サッカー日本代表PRESSBACK NUMBER
J3で目立たなくてもU-19に飛び級。
久保建英はまだ全てを出していない。
text by
戸塚啓Kei Totsuka
photograph byJ.LEAGUE PHOTOS
posted2016/11/27 11:00
直前まで選択肢を複数持ち、それを瞬時に切り替える久保建英のドリブルの背後には、メッシと共通する哲学が見える。
選択肢を複数用意して、切り替える能力。
アタッカーはタテへ突き進みたいが、DFはタテへ侵入されることを嫌う。
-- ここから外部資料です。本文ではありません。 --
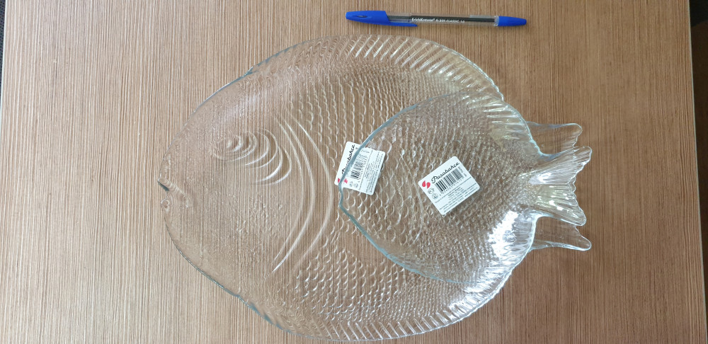 Большое блюдо, даже и не ожидала, что на столько. Брала ещё маленькую тарелочку рыбку. Фото в сравнении.

となれば、アタッカーに問われるのは縦ではなく横=左右へ動きながらのプレーだ。そのうえで、2つ目、3つ目とプレーの選択肢を変えることで、決定的なシーンを生み出すことができる。
クラブを通して決勝点のシーンを振り返った久保は「3人の間へ切り込んでシュートを打とうと思ったときに、(ゴールを決めた)荒川(滉貴)選手が走ってきているのが見えて、あとはパスを出して、落ち着いて決めてもらうだけでした」とのコメントを残している。横へのプレーとプランBとしてのラストパスを、明確に意図していたことが分かるだろう。
まだまだ発展途上のフィジカルが磨かれていけば、縦へ突き進む力強さは増し、それによって横へのプレーの脅威度が増す。そして、フィジカルはスペインでなくても高めることができる。
15歳の現時点で着目すべきは、プレーのイメージと選択肢の多さだ。日本でプレーしていても、久保は世界への階段を登っている。U-19への招集は、決して驚きではない。